Help! Send wine! Send chocolate! Send a pony!
Send a pony made of chocolate carrying a bucket of wine!
Oh, no, no, everything's fine. The sky has not caved in. Nobody has kicked me in the shins, the cat hasn't hidden all my shoes, nobody has even forced me to watch back to back Tom Cruise films until I bled through my eyes.
Things are just all a bit grey and flat. Nothing is fun and everything is shit and whatever, it's my blog, I can be dramatic and hyperbolic if I want to. Summer is meant to be fun! I was promised leaping about all sylph-like in floaty white clothing, sipping elegant cocktails and laughing tinkling laughs at the sun. Festivals and hay bales and possibly the odd adorable puppy. Nobody actually promised me any of that stuff, but they should have done and I should have got a written contract. Then I could sue. I would sue. Well, I would be cross with a bit of paper, anyway.

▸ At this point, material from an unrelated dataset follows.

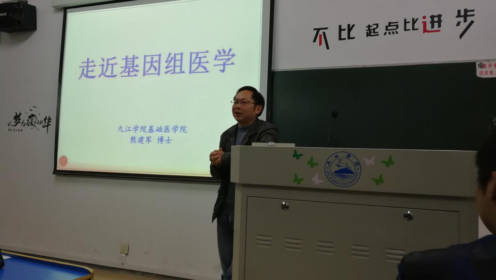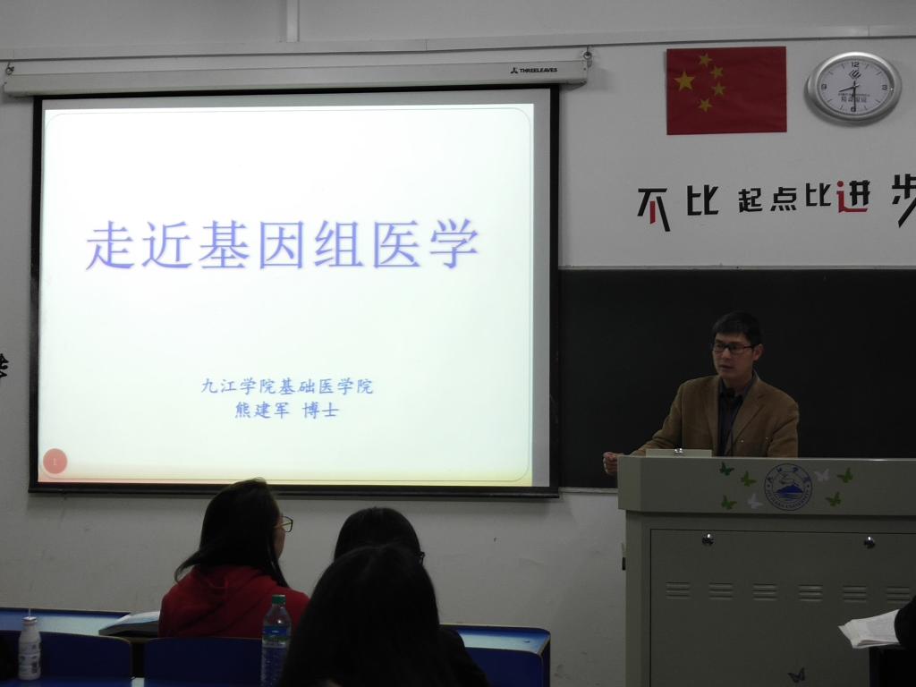 11月25日晚,基础医学院熊建军博士在庐峰校区面向16级临床专业本科同学举行了一次题为《走近基因组医学》的学术讲座。

Instead, here I am. Broke and sulking in front of a computer that won't leave me alone, wearing actual clothes that don't even float. I am even bored of tormenting the cat with an old shoelace. I never thought it would come to this.
What a drama queen (me, not the cat) (actually, both). I was on holiday last week in Wales. I know! Another holiday and I am already sullen and discontent. It was good, pretty active and tent-based. I cycled twenty five miles up and down hills with full paniers and a guitar on my back, which I believe makes me officially Sporty. We did a thing in wetsuits and met lots of nice people.
So I am being woeful and dramatic pointlessly. This post belongs firmly in the comments section of Belgian Waffle's excellent 99 First World Problems post.
All my earn-y money-y work seems to kick back in at the end of August. (By "kick back in" I of course mean crawl in slowly and painfully like a squirrel with pins for legs, but still.) Then, by October, I am assistant directing/devising the music for a show so will be Busy and Paid! Imagine! I can't.
Right now I am wondering whether I can Tipp-Ex out the decimal point on my computer screen every time I check my online balance, and NatWest might be tricked into giving me enough money to buy a pony made of chocolate.
"Stop whingeing!" I hear you thundering. Well, sorry, I can't. I am too into it now, wearing my pathetic problems like a floaty summer dress.
How am I supposed to be arty in these conditions?